Data shown Block Start
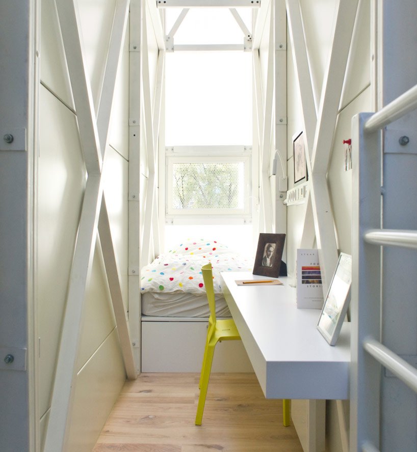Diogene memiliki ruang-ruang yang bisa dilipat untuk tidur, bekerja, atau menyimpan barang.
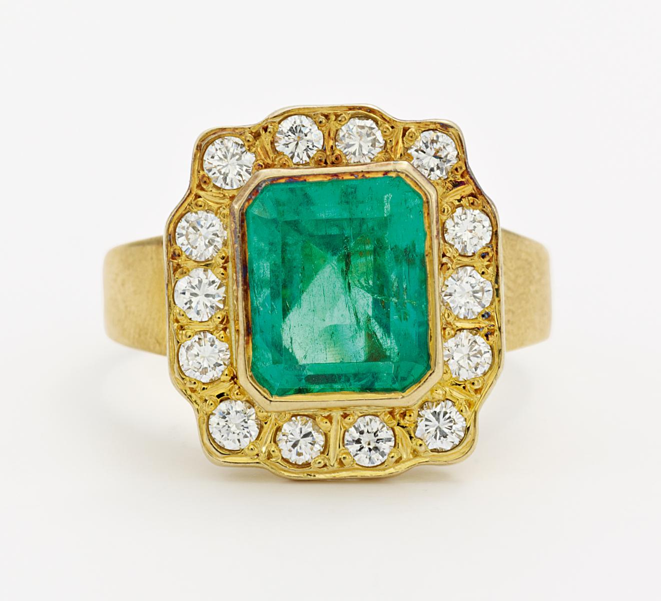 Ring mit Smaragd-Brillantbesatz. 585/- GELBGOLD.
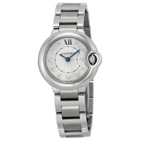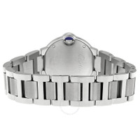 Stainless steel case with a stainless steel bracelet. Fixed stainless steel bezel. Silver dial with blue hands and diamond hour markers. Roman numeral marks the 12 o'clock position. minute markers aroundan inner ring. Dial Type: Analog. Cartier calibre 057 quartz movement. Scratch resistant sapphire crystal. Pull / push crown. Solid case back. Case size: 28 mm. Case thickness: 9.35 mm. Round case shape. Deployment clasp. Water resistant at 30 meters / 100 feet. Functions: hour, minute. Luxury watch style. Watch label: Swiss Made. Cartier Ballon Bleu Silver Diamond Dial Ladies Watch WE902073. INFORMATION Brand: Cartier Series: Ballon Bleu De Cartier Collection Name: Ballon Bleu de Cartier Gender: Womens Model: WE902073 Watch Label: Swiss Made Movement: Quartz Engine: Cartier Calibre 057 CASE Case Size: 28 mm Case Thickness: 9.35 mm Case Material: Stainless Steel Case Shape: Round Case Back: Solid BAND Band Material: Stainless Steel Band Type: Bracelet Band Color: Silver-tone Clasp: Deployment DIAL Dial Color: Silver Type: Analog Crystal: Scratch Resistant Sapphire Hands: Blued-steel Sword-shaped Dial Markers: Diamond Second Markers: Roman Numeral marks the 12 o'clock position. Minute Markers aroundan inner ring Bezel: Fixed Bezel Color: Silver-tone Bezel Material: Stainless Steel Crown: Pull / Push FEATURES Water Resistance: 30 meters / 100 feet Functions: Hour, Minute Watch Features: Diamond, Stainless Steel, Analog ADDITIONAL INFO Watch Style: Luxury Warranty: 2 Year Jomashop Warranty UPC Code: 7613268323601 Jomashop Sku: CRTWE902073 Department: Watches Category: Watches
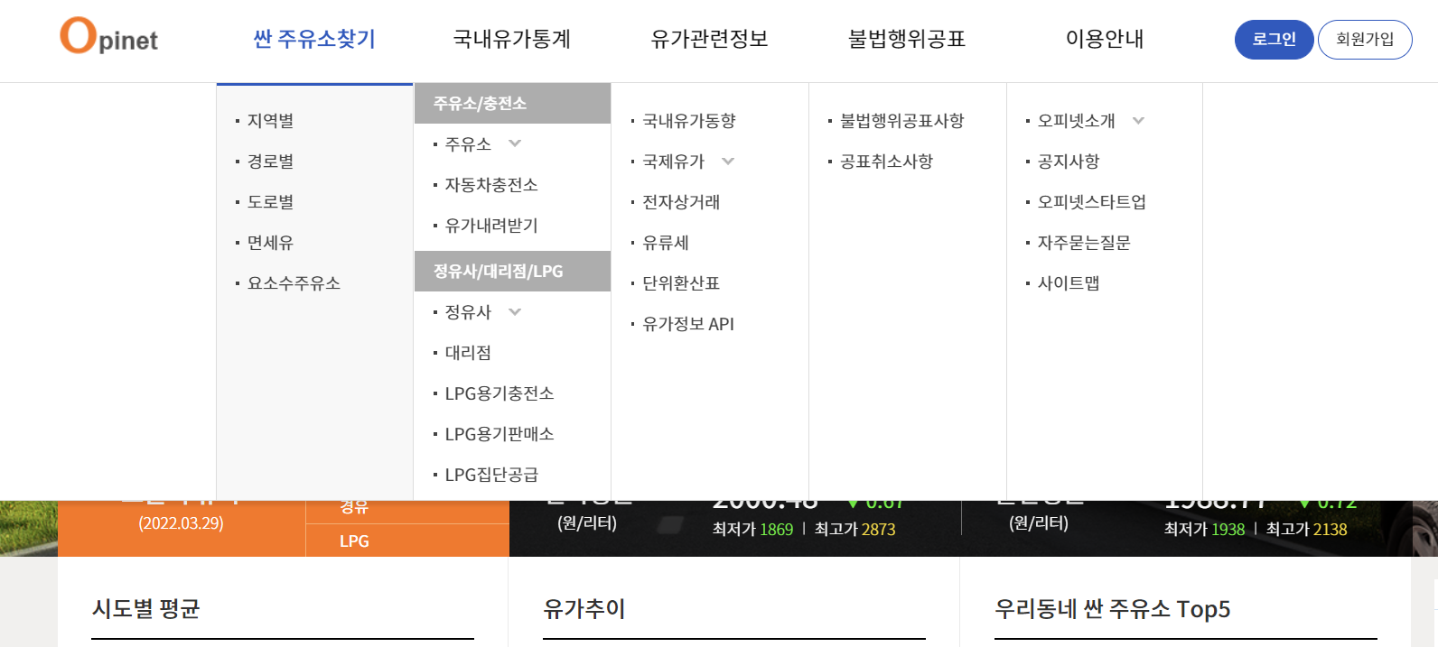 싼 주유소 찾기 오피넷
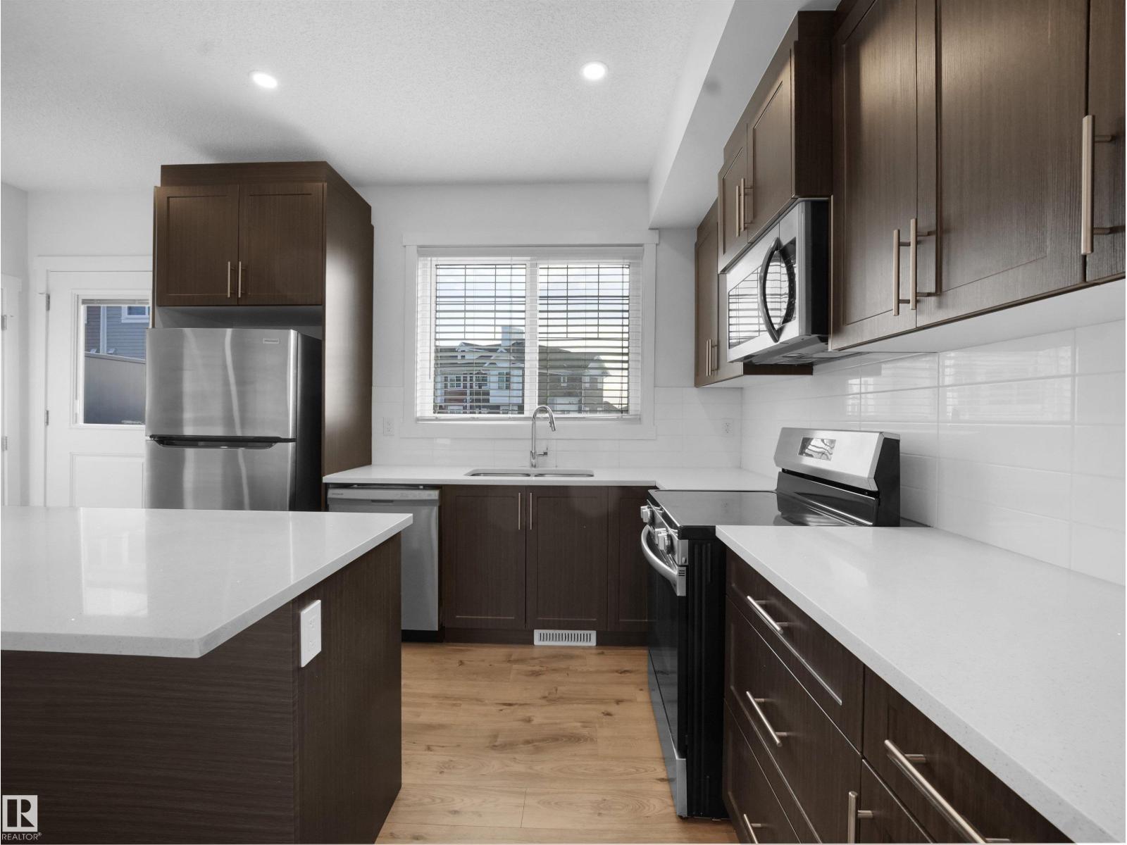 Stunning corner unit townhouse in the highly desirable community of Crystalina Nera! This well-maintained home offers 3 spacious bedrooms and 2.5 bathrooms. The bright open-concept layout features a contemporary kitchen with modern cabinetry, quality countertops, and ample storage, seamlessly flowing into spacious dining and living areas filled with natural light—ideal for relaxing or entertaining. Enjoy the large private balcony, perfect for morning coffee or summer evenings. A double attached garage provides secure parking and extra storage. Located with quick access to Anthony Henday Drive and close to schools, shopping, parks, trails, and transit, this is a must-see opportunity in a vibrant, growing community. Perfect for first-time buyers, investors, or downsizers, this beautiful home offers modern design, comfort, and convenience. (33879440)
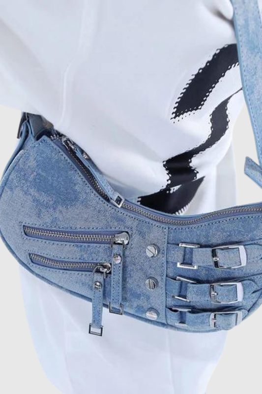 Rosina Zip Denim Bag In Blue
Data shown Block End
Data shown Block Start
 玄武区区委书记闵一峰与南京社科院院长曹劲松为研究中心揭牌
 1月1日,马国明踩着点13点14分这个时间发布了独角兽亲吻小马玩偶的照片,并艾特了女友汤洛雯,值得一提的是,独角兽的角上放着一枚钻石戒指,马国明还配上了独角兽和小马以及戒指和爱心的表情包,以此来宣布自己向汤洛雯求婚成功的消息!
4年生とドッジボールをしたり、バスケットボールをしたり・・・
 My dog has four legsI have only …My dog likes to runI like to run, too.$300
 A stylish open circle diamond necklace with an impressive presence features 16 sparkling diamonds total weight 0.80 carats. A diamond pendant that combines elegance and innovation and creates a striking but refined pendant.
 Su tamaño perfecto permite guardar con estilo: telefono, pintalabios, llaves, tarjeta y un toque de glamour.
Data shown Block End
Data shown Block Start
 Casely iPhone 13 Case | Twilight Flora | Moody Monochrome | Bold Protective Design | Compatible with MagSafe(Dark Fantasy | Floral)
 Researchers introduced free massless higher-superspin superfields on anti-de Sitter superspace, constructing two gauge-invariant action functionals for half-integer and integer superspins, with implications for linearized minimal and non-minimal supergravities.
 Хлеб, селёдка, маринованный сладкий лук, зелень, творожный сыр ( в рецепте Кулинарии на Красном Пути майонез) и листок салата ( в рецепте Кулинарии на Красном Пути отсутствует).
Data shown Block End
Work order = Starting at the line above that holds "Diogene memiliki ruang-ruang", repeat every line exactly down to and including the line that holds "Ring mit Smaragd-Brillantbesatz.", then stop. Do not carry over any pictures.

Response below =
Diogene memiliki ruang-ruang yang bisa dilipat untuk tidur, bekerja, atau menyimpan barang.
 Ring mit Smaragd-Brillantbesatz. 585/- GELBGOLD.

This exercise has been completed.